### [What you should do]
Starting with the line that holds "- 稼動 セイコー 7N82-0790" and stopping after the line that holds "Unohda perinteiset numerot", repeat the lines below word for word, without the pictures.

### [Data for processing]

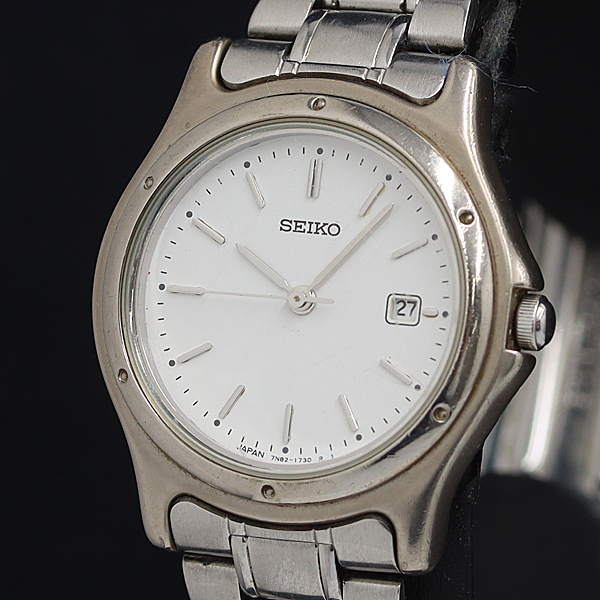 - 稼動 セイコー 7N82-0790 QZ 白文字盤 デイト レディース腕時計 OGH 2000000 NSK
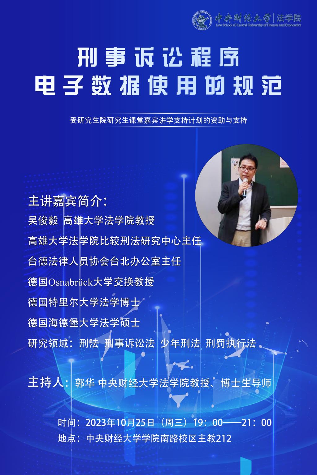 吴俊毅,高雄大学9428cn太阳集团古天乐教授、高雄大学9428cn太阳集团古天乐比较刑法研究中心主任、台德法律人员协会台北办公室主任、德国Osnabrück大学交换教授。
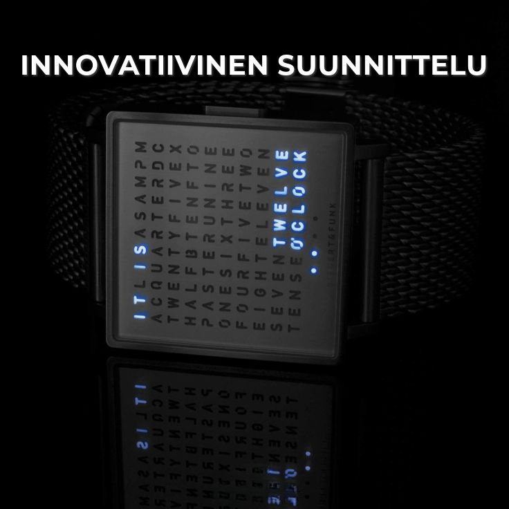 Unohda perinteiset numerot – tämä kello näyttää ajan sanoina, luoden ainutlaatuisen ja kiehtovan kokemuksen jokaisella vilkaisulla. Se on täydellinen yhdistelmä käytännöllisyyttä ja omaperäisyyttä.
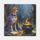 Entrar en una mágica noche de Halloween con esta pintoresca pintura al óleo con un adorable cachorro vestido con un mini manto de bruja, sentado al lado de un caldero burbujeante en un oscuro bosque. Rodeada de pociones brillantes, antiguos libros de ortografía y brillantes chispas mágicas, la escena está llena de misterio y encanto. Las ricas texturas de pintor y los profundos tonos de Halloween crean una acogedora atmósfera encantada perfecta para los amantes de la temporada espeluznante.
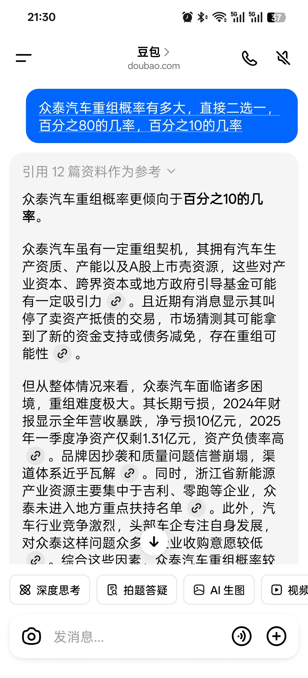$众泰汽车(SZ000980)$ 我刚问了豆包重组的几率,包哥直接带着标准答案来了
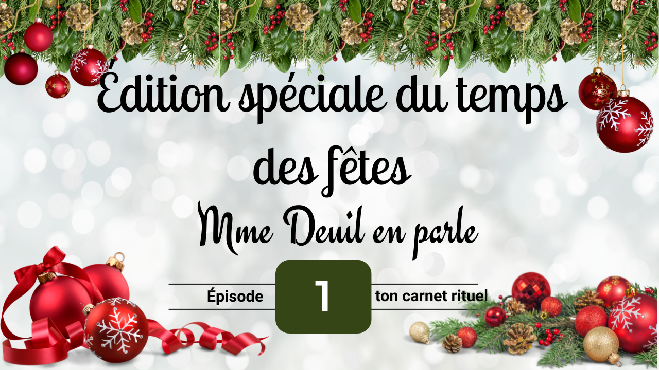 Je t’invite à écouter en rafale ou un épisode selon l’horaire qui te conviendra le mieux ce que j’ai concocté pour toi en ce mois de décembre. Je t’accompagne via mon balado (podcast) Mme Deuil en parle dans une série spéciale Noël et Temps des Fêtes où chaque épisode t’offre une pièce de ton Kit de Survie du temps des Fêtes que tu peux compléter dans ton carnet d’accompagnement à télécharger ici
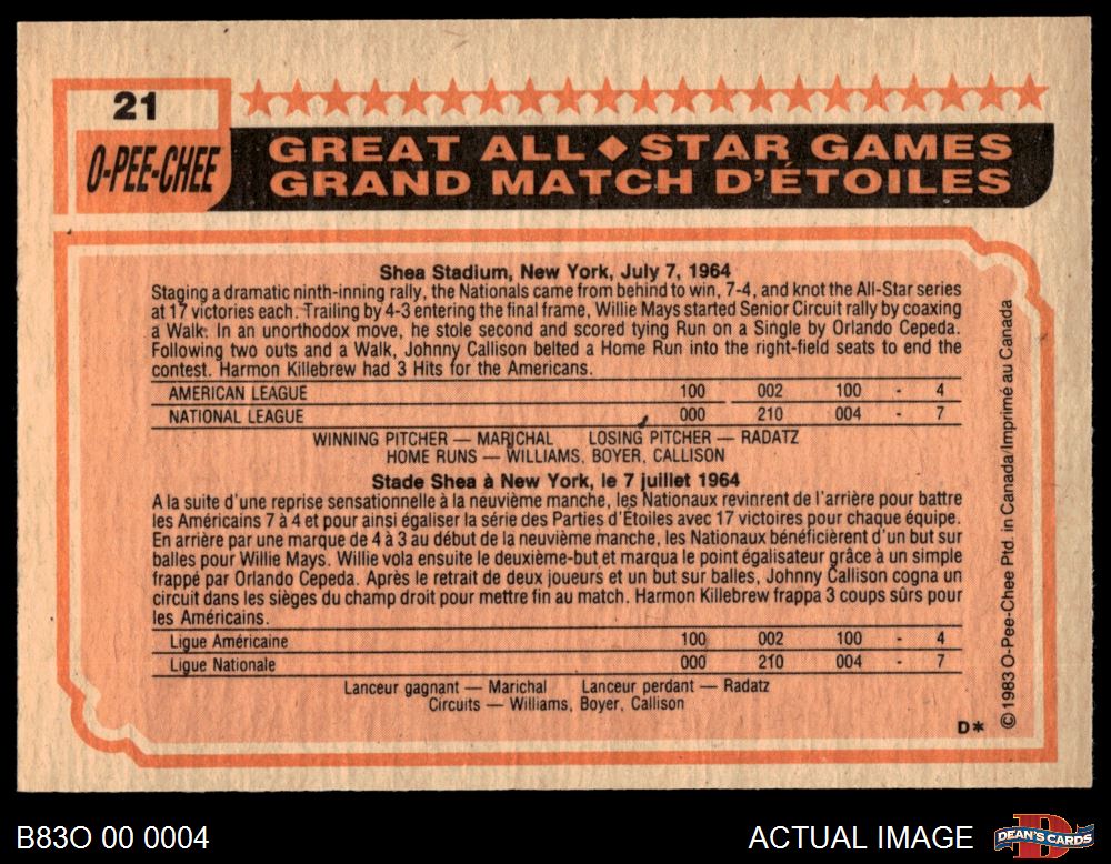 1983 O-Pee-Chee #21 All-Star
--
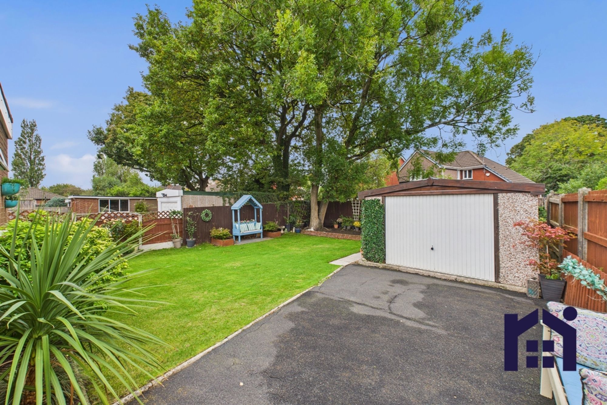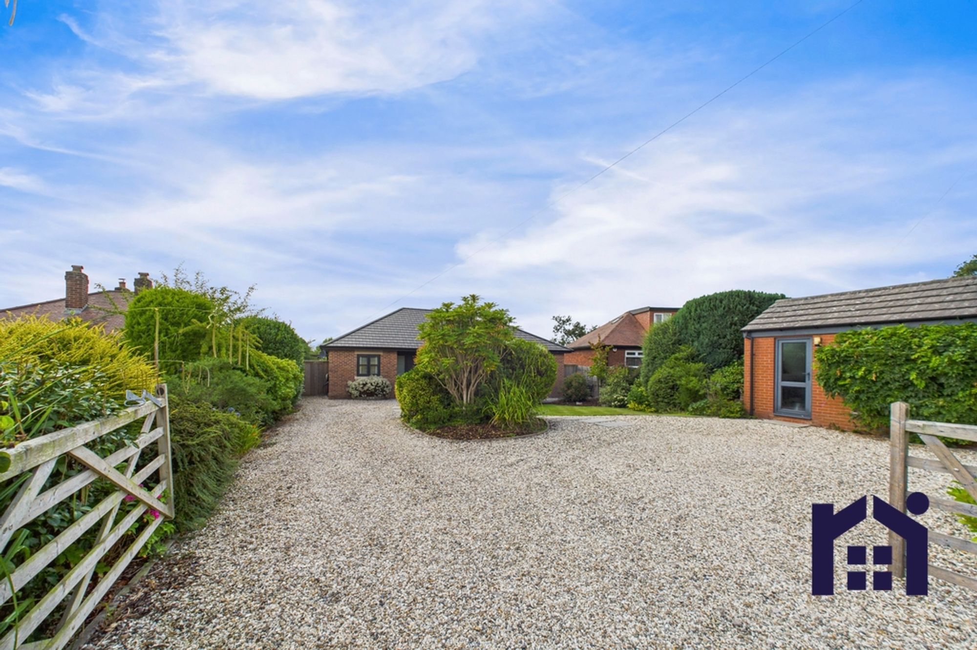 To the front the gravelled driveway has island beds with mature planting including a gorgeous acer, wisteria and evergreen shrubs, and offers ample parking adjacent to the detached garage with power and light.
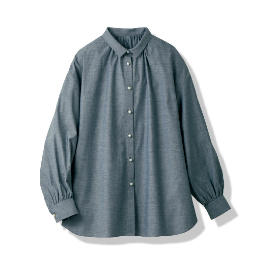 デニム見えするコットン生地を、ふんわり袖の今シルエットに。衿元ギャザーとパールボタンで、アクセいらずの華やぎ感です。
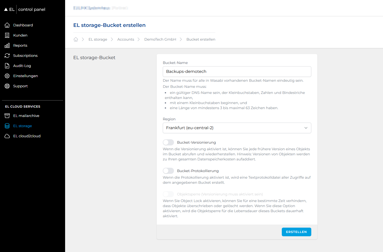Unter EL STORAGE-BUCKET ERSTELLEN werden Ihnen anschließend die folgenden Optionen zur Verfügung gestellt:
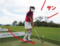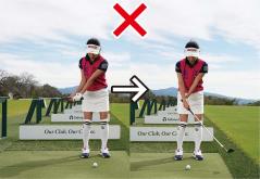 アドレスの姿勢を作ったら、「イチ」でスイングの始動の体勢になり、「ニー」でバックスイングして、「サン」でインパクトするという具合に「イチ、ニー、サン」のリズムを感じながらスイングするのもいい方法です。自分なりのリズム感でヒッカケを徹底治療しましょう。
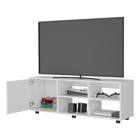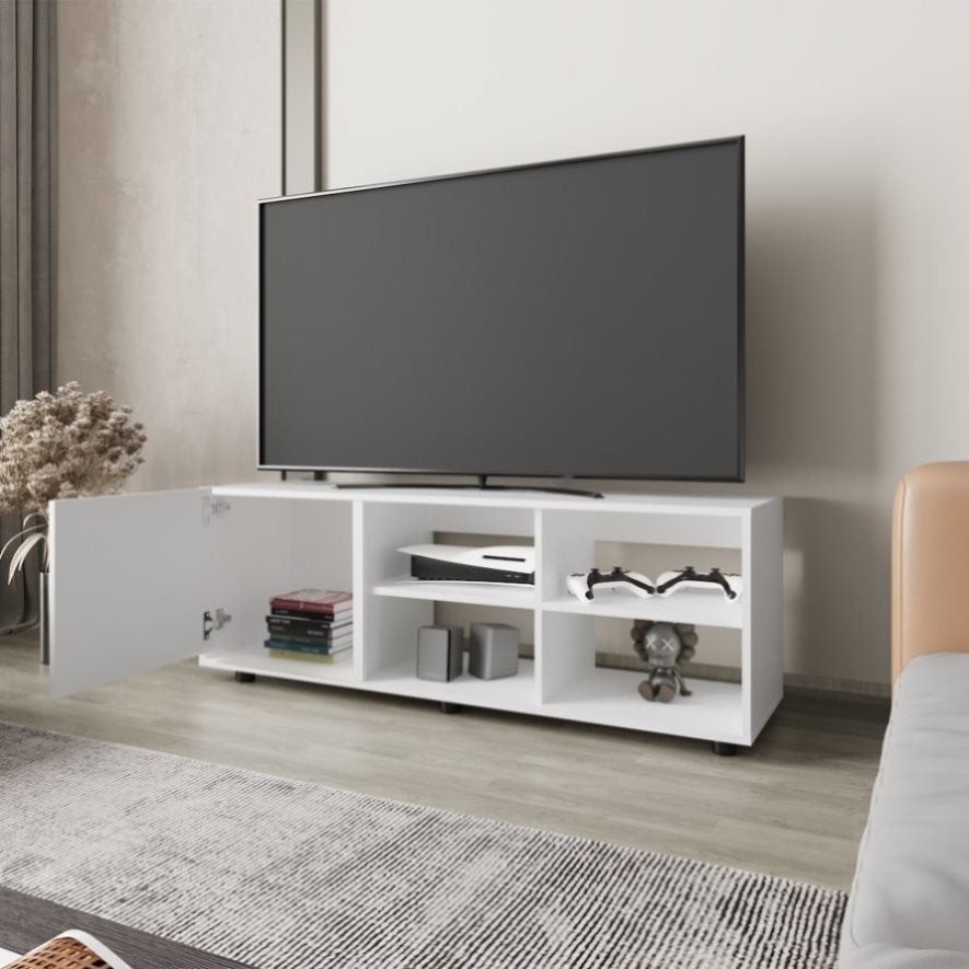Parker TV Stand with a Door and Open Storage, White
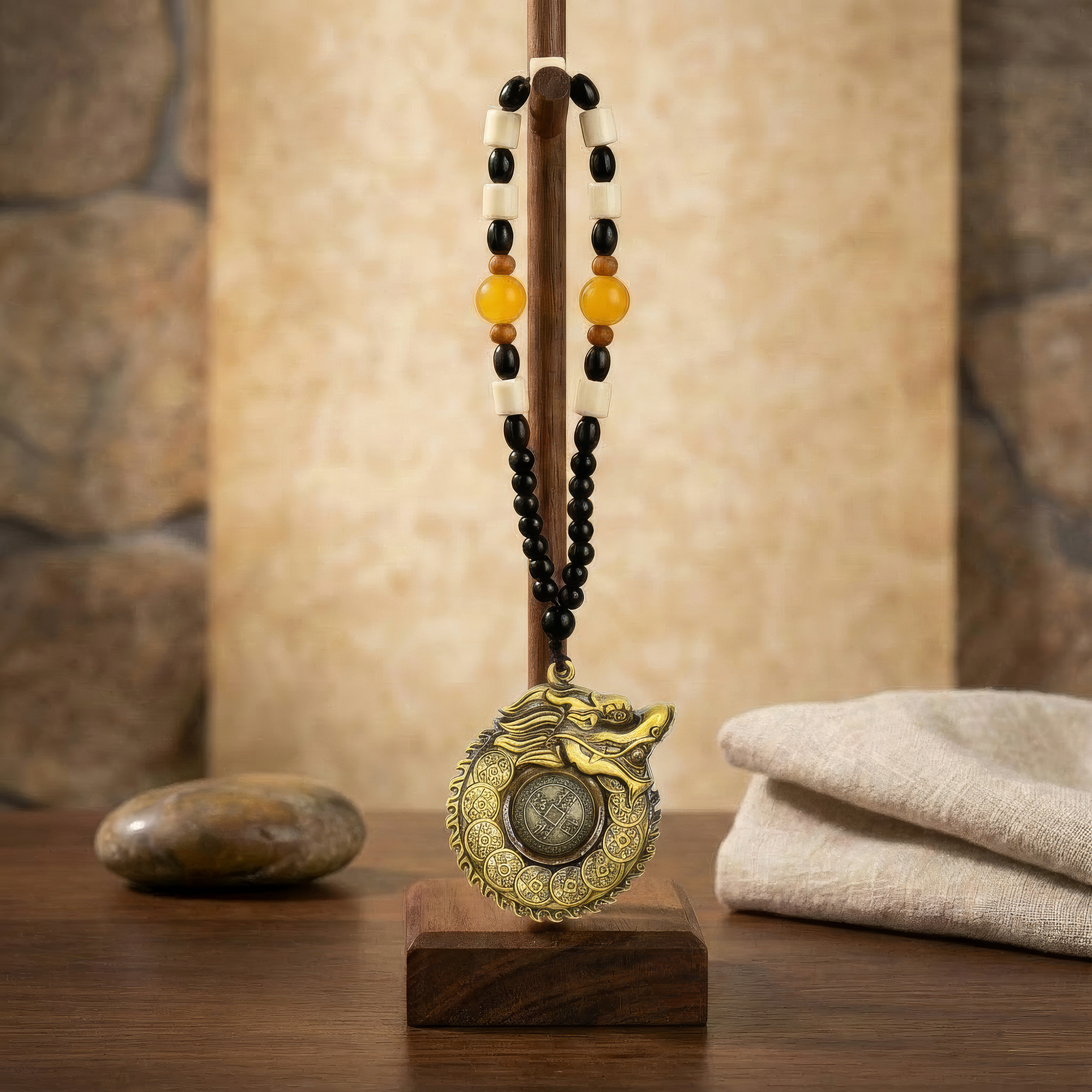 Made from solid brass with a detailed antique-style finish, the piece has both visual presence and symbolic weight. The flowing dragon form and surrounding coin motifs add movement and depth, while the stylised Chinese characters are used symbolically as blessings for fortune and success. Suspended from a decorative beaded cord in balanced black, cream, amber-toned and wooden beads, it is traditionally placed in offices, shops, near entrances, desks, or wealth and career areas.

### [Written answer]
 - 稼動 セイコー 7N82-0790 QZ 白文字盤 デイト レディース腕時計 OGH 2000000 NSK
 吴俊毅,高雄大学9428cn太阳集团古天乐教授、高雄大学9428cn太阳集团古天乐比较刑法研究中心主任、台德法律人员协会台北办公室主任、德国Osnabrück大学交换教授。
 Unohda perinteiset numerot – tämä kello näyttää ajan sanoina, luoden ainutlaatuisen ja kiehtovan kokemuksen jokaisella vilkaisulla. Se on täydellinen yhdistelmä käytännöllisyyttä ja omaperäisyyttä.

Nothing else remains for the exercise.